![A small group of protestors gathered in front of the courthouse. Their message was clear but how many heard it? A small group of protestors gathered in front of the courthouse. Their message was clear but how many heard it?](https://www.opednews.com/populum/visuals/2015/06/2015-06-90-500-Images-populum_uploadnic_commission-rally-with-banner-jpg_90_20150622-748.jpg)
A small group of protestors gathered in front of the courthouse. Their message was clear but how many heard it?
(Image by Jeffrey Deskovic Foundation) Details DMCA
Clouds hung over the state supreme courthouse as the small group gathered. Above the fluted columns of the majestic building are inscribed: "The true administration of justice is the firmest pillar of good government." The words are attributed to George Washington as he and his colleagues grappled with forming a democratic republic that would be not just free from the shackles of rule by inherited royalty, but also free from the corruption that inheres in a moneyed class whose power and wealth are tightly held and assumed.
In the new fledgling government, lady justice would be blind--not blind to corruption that corrodes the ideals but blind in its administration of fairness and the rule of law. A young woman costumed in white flowing robes and a blindfold, helped hold up the group's sign: Support the New York State Commission on Prosecutorial Misconduct.
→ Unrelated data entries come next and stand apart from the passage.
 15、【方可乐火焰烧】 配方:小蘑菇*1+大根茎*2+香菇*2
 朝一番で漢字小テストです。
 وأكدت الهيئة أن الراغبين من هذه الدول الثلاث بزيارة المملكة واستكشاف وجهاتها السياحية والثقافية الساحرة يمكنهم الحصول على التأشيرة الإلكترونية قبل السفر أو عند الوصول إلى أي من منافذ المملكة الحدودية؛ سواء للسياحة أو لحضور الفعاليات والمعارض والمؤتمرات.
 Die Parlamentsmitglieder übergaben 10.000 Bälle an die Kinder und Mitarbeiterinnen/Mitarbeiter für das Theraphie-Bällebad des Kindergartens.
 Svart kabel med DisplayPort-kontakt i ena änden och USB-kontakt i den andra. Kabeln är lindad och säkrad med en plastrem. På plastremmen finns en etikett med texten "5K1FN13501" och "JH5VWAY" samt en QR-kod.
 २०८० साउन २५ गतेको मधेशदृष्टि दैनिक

The truth was supposed to be self-evident. But what was evident from the speakers who related their stories is this: the criminal justice system is broken from top to bottom. It's not just the cops on the streets; nor is it only the guards on Riker's Island; nor is it confined to overburdened Legal Aid lawyers, or prosecutors and ADAs, or even judges and juries. The rot is woven into the system, as much a part of it as Lady Justice.
At what point does the system topple under its own weight? It isn't only about race; it's an equal opportunity poison that strikes at the heart of the system delivering a slow death. Racial discrimination is central because it's an easy frame, but the metastasis is blind to color and feeds on itself. The speakers took their turns: Bill Bastuk, white, a former Monroe County councilman, indicted on false accusations of rape of a minor; Jeffrey Deskovic, white, falsely convicted of rape and murder at age 17, served 16 years before being exonerated; Jennifer Wilkov, white, an award winning author and a financial advisor, accused of financial fraud, spent several months on Rikers Island, exonerated by a subsequent FINRA (Financial Industry Regulatory Authority) hearing, now seeking to overturn her conviction; Kareem Bellamy, African American, falsely accused of murder, wrongfully imprisoned for 14 years prior to being proven innocent; Anthony Ortiz, Hispanic, spent 16 years in prison for murder prior to exoneration.
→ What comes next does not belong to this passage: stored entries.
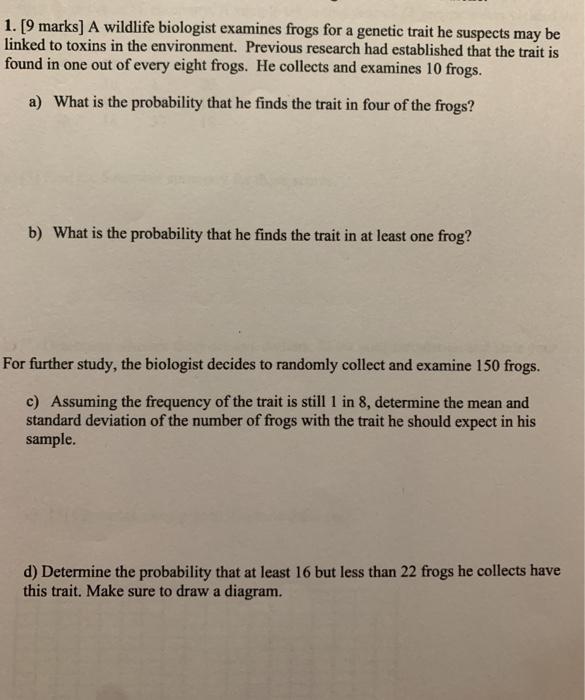 Solved 1 9 Marks A Wildlife Biologist Examines Frogs For Chegg Com
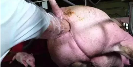 用肥皂水徹底清洗手臂后,再用冷開水沖洗掉肥皂水,往手臂上涂滿專用的潤滑劑(也可帶上一次性無菌長臂手套涂上潤滑劑),然后五指并攏(剪短指甲不要劃破產道),隨手輕輕在產道旋轉,慢慢伸進產道,摸到小豬卡在子宮口,如果是摸到頭,可以把五指分開,食指跟中指放在小豬2個耳后,大拇指無名指小拇指并攏,慢慢將小豬帶出來。
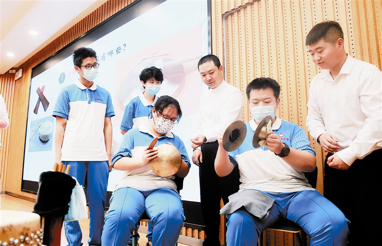 京剧传承基地的专家们走进天津中学,为师生们带来一场体验式艺术讲座《神奇的京剧打击乐》。
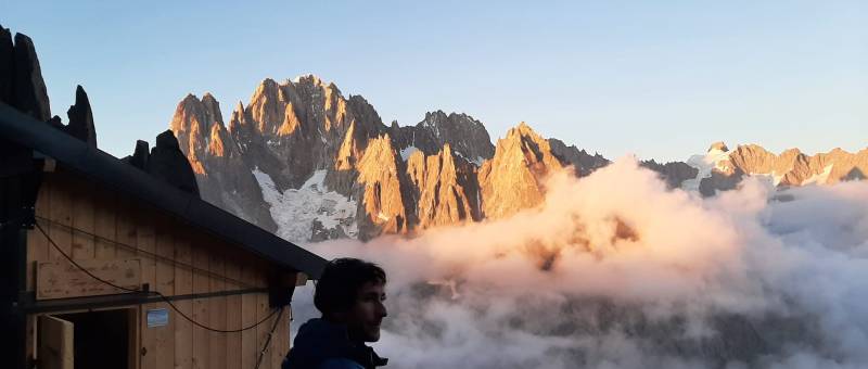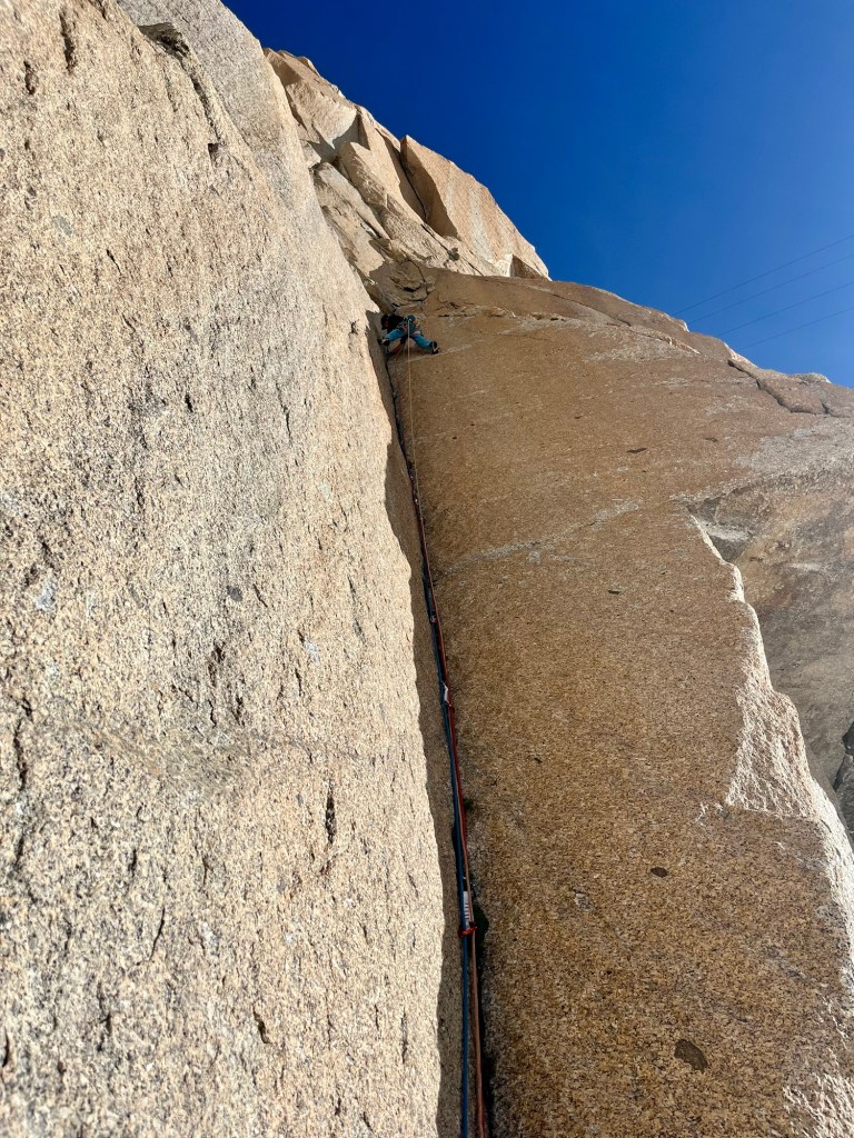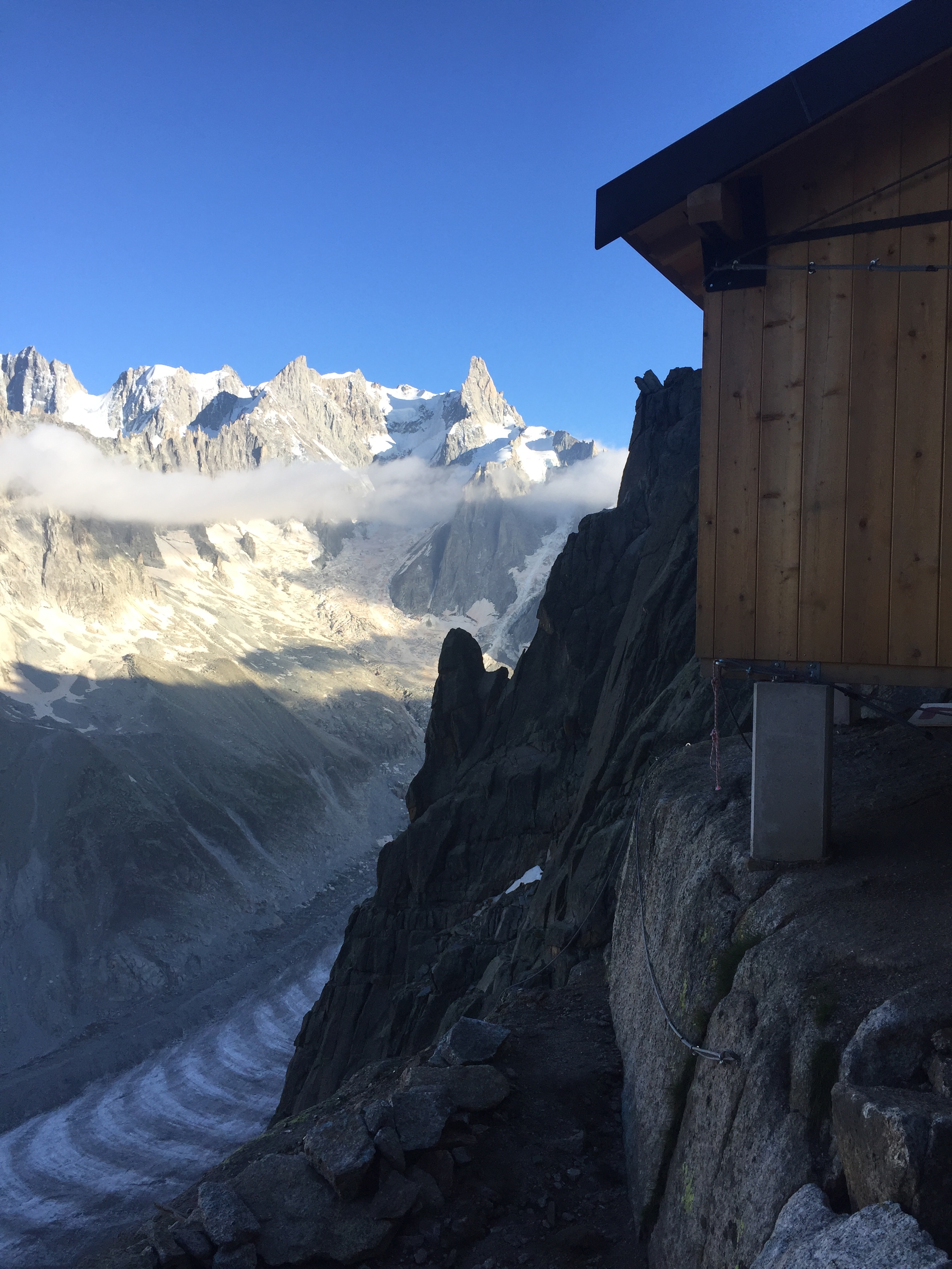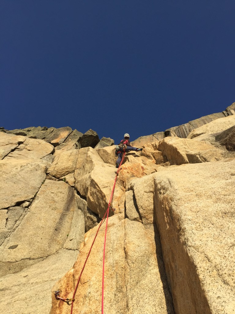 There are Chamonix Aiguilles (needles) and Chamonix Aiguilles. This is one of the latter, as sharp and pointy as a 700 m rock spire can be. The thought of the pioneers lassoing the summit and hand over handing up a hemp rope still makes my palms sweaty. The exposure levels on the summit kept me straddling the blade of rock – one leg either side. We climbed the modern magnificent political crack route named Republique Bananiere that the maestro Piola rated in his top ten Mont Blanc Massif granite routes. ED 6C and 700 m of magic including a 50 m dihedral.

These are just a handful of those whose lives have been shattered. From their own data, the Innocence Project estimates that as much as 5 percent of the incarcerated population may be innocent. This organization is focused on DNA exonerations, which in many cases doesn't exist. Other organizations, like the Deskovic Foundation, put the number at as high as 15 percent, but we'll never know for sure. We can only count successful exonerations after the fact, and though the list of exonerees grows, funding to try to prove them and get them overturned is scarce. But even if the real number turns out to be "only" 5 percent, given that we have the largest prison population in the Western world (over 2.2 million according to the latest DOJ statistics), it means there could be more than 100,000 innocent people behind bars. We're paying a high price for that shocking figure.
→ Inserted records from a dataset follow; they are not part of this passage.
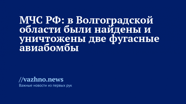 «В ходе земляных работ на территории Волгоградской области выявили две авиабомбы ФАБ-100, относящиеся к временам Великой Отечественной войны», — говорится в сообщении в Telegram-канале МЧС РФ.
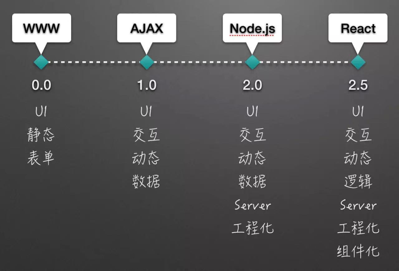 有一些声音认为 React 能够配得上"革命性"一词,因为它一定程度上改变了前端的编程模型,React 之前的前端是围绕 DOM,React 之后是面向数据。诚然如此,但跟 AJAX 和Node.js 相比,React 引起的变革仍显轻微。而 React 对前端组件化生态的影响也是在原有基础上的增强也并不能称为革命性。所以称 React 为前端 3.0 缺乏足够的说服力,不过前端 2.5 还是充分的。说到底,React 只是改变了前端领域自身,而 AJAX 和 Node.js 无一不是对前后端都有显著影响的技术。
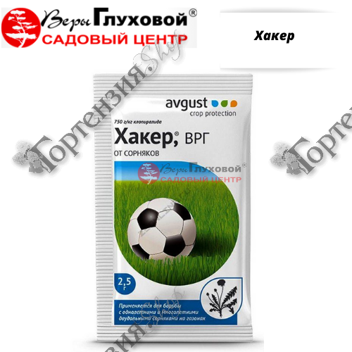 Содержит повышенную концентрацию действующего вещества и с легкостью уничтожает двудольные сорняки, такие как одуванчик, осоты, подорожник, щавель, лютик и другие, при этом не повреждает злаковую газонную траву. Препарат разводится в пропорции 2,5 г (одна упаковка) на 5 л воды, приготовленной жидкостью можно опрыскать 100 кв.м. газона. Обработки проводят после укоса, по участкам с проросшими сорняками. Поглощаясь листьями, Хакер переносится к точкам роста, корням и корневищам, нарушая процесс деления клеток и развитие растения. Через несколько дней листья сорняков скручиваются и желтеют, по истечении 1-3 недель наступает их окончательная гибель.
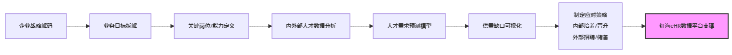 场景化实践: 某国内领先的零售集团计划在三年内将数字化渠道销售额提升至总营收的50%。传统的HR做法可能是根据现有电商部门编制进行线性扩招。而基于人才供应链思维,HR团队首先联合战略部、业务部,拆解战略目标:需要哪些新岗位(如AI算法工程师、全渠道运营总监)?现有人员需提升哪些技能(如数据分析、用户增长)?外部市场相关人才的供给情况如何?结合历史流失率、内部晋升率、行业流动数据(如LinkedIn人才流动报告)进行多维度建模预测。红海eHR的一体化平台在此环节发挥关键作用:它打通了战略目标库、组织架构树、历史人事数据(晋升、调动、离职)以及外部行业数据库,内置预测算法模型。HR只需设定战略目标参数,系统即可自动输出未来1-3年关键岗位的供需缺口热力图、技能缺口雷达图以及内部人才储备水位报告,为决策提供坚实的数据支撑。

The group held fast to their banner in front of the courthouse steps. Walking for the cameras, holding their signs in letters writ large--It Could Happen To You--the bullhorn vied for attention from the lunch crowd exiting the building. A few curious bystanders stopped, but most barely looked; justice is blind.
The terrible injustices from Ferguson to Texas to North Carolina, from California to Ohio make headlines in New York, but New York is riddled with its own problems that don't begin and end with the sale of loose cigarettes. The state is second in the nation in the number of wrongful convictions, and those are the ones we know about. For anyone unfazed by the idea of an innocent person doing time, think about the cost of housing and feeding an innocent person who is removed from being a contributing member of society; the cost of not finding the real perpetrator who often repeats the crime, believing (not unreasonably) that he won't be caught; the cost of retrials, appeals, and much-deserved compensation to the victims.
So, yes, it is about the economics, but it goes much deeper. It's also about a system that is failing from top to bottom--from the bankers who are not prosecuted to the men and women on the streets who are unfairly targeted. It is too late to expect that changing the system around the edges will change anything? Some say it will take a revolution; others are willing to keep trying to work within the system, but will the center hold? It's still a long road to travel.